Based on microbial diversity in substrate utilization, the Shannon index revealed three groups apparently associated with AMD. Although AWCD indicated GW1 and GW2 had more extreme conditions for microbial activity (Fig. 3) than other sites, the microbial diversities in GW1 and GW2 samples were higher than in GRS1 due to the high concentrations of electron acceptors and more tolerant circumstances with soil particles than water only. It can be assumed that various iron-, sulfate-, and manganese-reducing bacteria were present as well as other acid-resistant microorganisms. This result parallels the analysis of the PLFA patterns, which reflect metabolically more diverse microbial communities in contaminated aquifers or sediments than in uncontaminated ones (Fang and Barcelona 1998; Ben-David et al. 2004). As the number of DGGE bands, which implies richness of the microbial community, did not clearly reflect the diversity, it is suggested that evenness might have more influence on the diversity.

The PCA analysis showed very different patterns from the AWCD analysis, as GRS1 was separated from all the other samples, and the groundwater samples (GW1 and GW2) grouped with the stream water samples GRS2 and GRS3, suggesting that AMD had most influence on the utilization of individual substrates (Fig. 5). This is supported by the relative levels of bacteria according to phylogenetic groups, since only GRS1 included 3 members of the α-Proteobacteria (33% of all the dominant species) (Table 3). The results presented in Fig. 2 also support the PCA findings.
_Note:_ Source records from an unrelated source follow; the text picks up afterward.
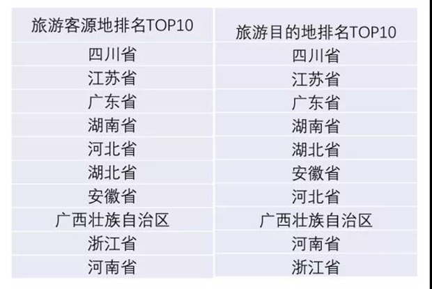 全国旅游客源地和目的地客流量呈现南高北低态势,省域旅游市场对本地经济的支撑作用明显。从全国旅游客源地和目的地排名情况(表3)进行分析可以看出,排名前十的旅游客源地和旅游目的地具有一致性,仅在排名位置上略有差别,体现出各省域旅游市场对本地经济的支撑作用。从排名上看,上榜省份主要集中在华东、华南和华中地区,北方城市仅河北一省上榜,四川、江苏、广东、湖南省域接待量和流出量均较高。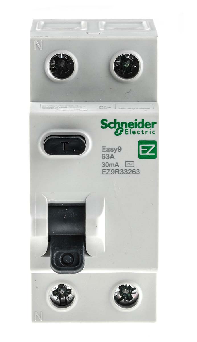 This is 2 Pole Type AC Residual Current Circuit Breaker 63A EZ9 30mA manufactured by Schneider Electric. The manufacturer part number is EZ9R33263. The product has type ac earth leakage protection type . Better World Verification Options - green premium. Is it a better world product? yes. The product has a current rating of 63a. Moreover, the product has a nominal 230v ac voltage rating. Allows up to 30ma trip sensitivity. The product ez9, is a highly preferred choice for users. It has an overall width of 36mm. This is a type of rccb, a circuit breaker with unique features. Furthermore, the product has an overall dimensions of 36 x 82 x 72mm. It allows type ac tripping features. The product is available in din rail mount style. It features easy9 range. The product has a rated AC voltage of 230v. The terminal contact is kind of tunnel terminal. Similarly, the product has 72mm of overall depth. It has equipped with 2 poles.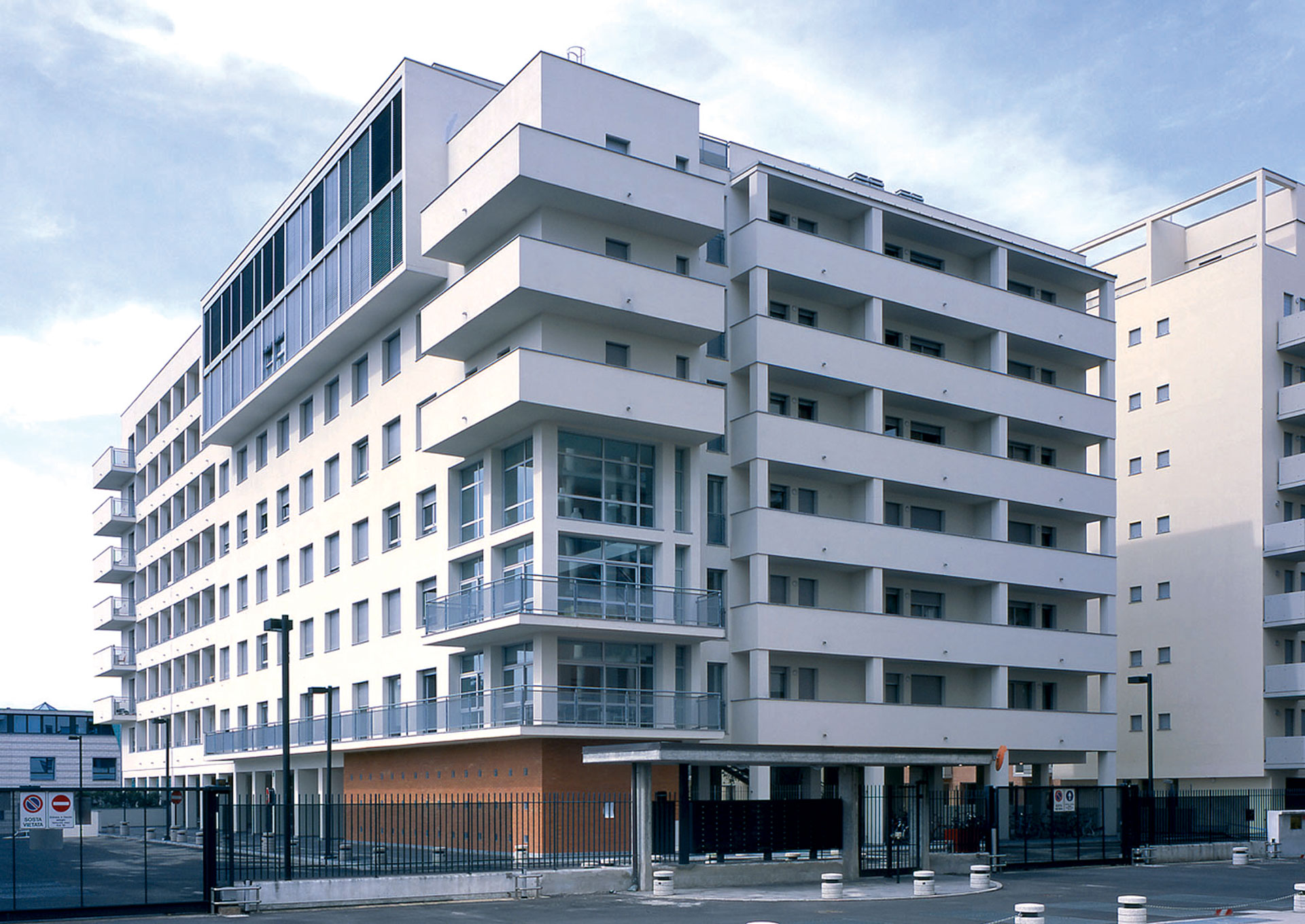 The new residence for the university is located about 1.300 m away form the headquarters of the Politecnico of Milan, located in Piazza Leonardo da Vinci. The building consists in two main twin-blocks facing each other based on a C structure. The building forms an open C facing east and rises eight story from the ground, developing an area of approximately 6.942 sq m. A central “hallway” distributes the living accommodation on the East and West side, which is out of alignment with the building’s façade.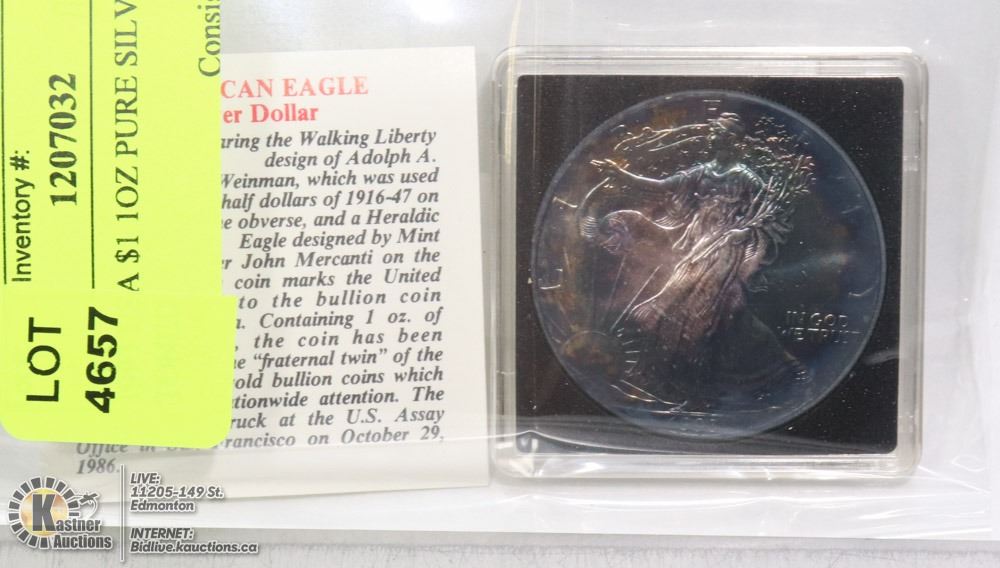 BEAUTIFUL RAINBOW TONING. LOWER MINTAGE DATE .999 SILVER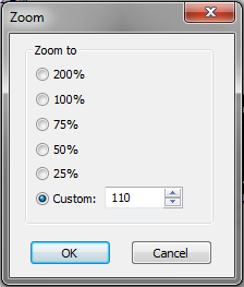 Selecione Zoom > Zoom Customizado a partir da guia Página Inicial para configurar um fator de zoom específico. Você pode ou escolher uma quantidade de zoom pre-definida ou clicar em Customizare entrar um número específico.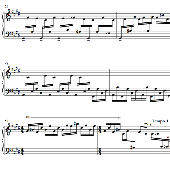 Formally, I modified the traditional Baroque suite by substituting a ballad for the courante and a waltz for the sarabande. Each movement celebrates a different aspect of Bach. The Prelude is the most like his music in terms of style and structure. It is built from a continuous series of arpeggiated chords, which move in both predictable and unexpected ways throughout the large-scale tonal structure. The Allemande is presented in a recitative style, expanding simple cadential formulas into virtuosic flourishes and transforming the regular rhythm of this dance into a dialog between contrasting styles and registers. The Ballad and the Waltz are companion pieces, sharing a motif and forming a complete motion through harmonic space. The Ballad exploits the beautiful sound of softly rolled chords, particularly well suited to the marimba. The Waltz, by contrast, is very pointed and dry, bursting with sly sarcasm. It proceeds, without stop, directly into the Gigue. In this final movement, the motives are quotes from Bach’s cello suites. They are piled together in the midst of constantly escalating momentum, hurtling together toward a virtuosic climax, which takes advantage of Brenton’s prodigious talent.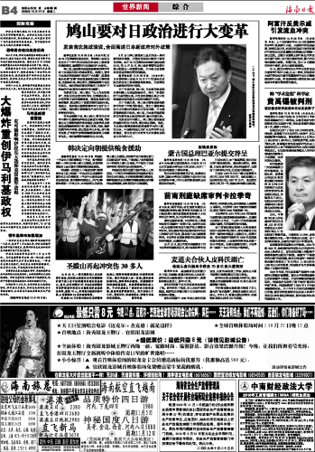 海南日报 世界新闻 012 2009-10-271 2009年10月27日 星期二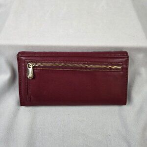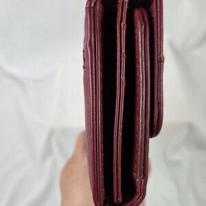 Very good condition - Women's wallet with snap closure, 1 zippered back pocket, 2 interior pockets, 12 card slots, and 1 window ID slot. Has one minor stain in lining of back zippered pocket - see photo. 8"x4"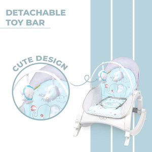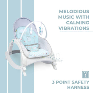 R For Rabbit 3 in 1 Rock N Play Rocker - Adjustable Backrest Recline, Detachable Toy Bar, Soothing Music & Vibration, Adjustable Green Grey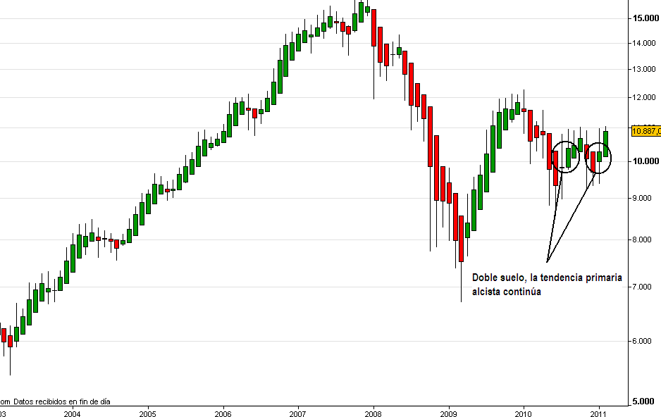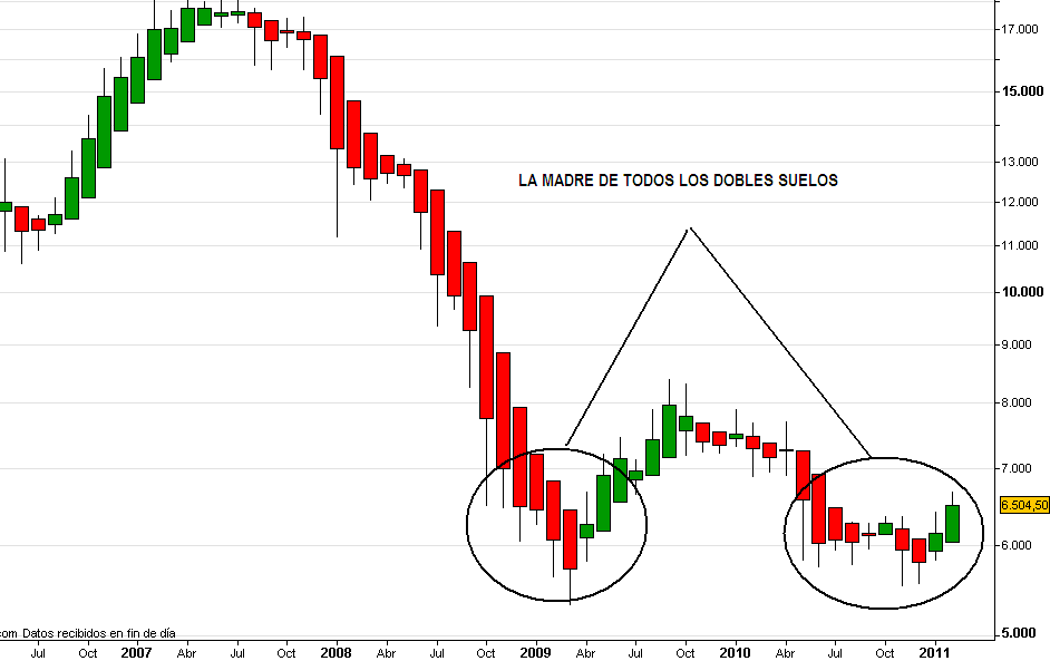 Si ponemos el foco en el Ibex 35, observamos que no ha roto su zona de congestión pero está formando una poderosa estructura alcista y, además, ha dejado un doble suelo que sugiere que podemos estar ante un suelo de largo plazo: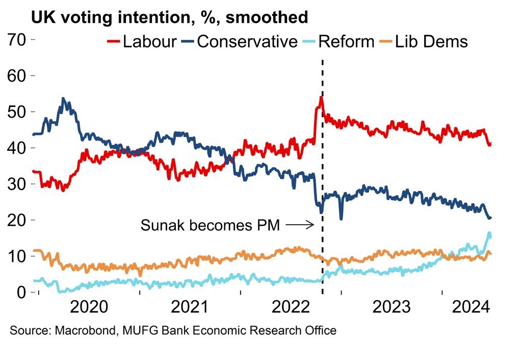 The Labour party remains on course to win the UK general election on 4 July, and win it comfortably. When Sunak, the UK PM, took the surprise decision to call the vote last month we suggested that his Conservative party’s polling deficit could narrow slightly (see here). That has not been the case. The Conservatives have suffered from numerous campaign missteps and the rise in support for the right-wing populist Reform UK party since Nigel Farage, the architect of Brexit, entered the contest as a candidate. Labour have consistently led the polls since late 2021 and by-election and local election results have provided no reason to question the accuracy of this. Prediction markets now put the implied probability of a Labour majority at over 95%.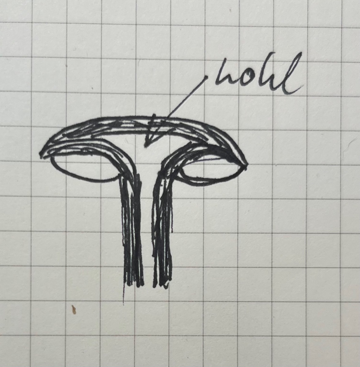 Stiel: 4,5 cm x 3 mm faserig gerieft, hohl bis in den Hut hinein, dort eine auffällige Hohlkammer bildend.

On the other hand, there was no significant difference between the PCA values for days 8 and 11, indicating that the period of microbial growth did not affect the patterns of individual substrate utilization.

Conclusions

The effects of AMD, which is extremely detrimental to stream water, groundwater and soil, on the microbial activity and diversity in stream and groundwater near an abandoned copper mine were investigated. DGGE fingerprints of eubacterial community showed that water temperature, DO and sulfate concentrations and nitrate reduction activity among various parameters were key factors to characterize eubacterial community structure. The community level physiological activities were very sensitive to sulfate and heavy metal levels derived form AMD. In conclusion, this study indicates that AMD increased quantities of various dissolved components, changed bacterial community structure, and decreased microbial activity and diversity, but stimulated the occurrence of specific bacterial populations.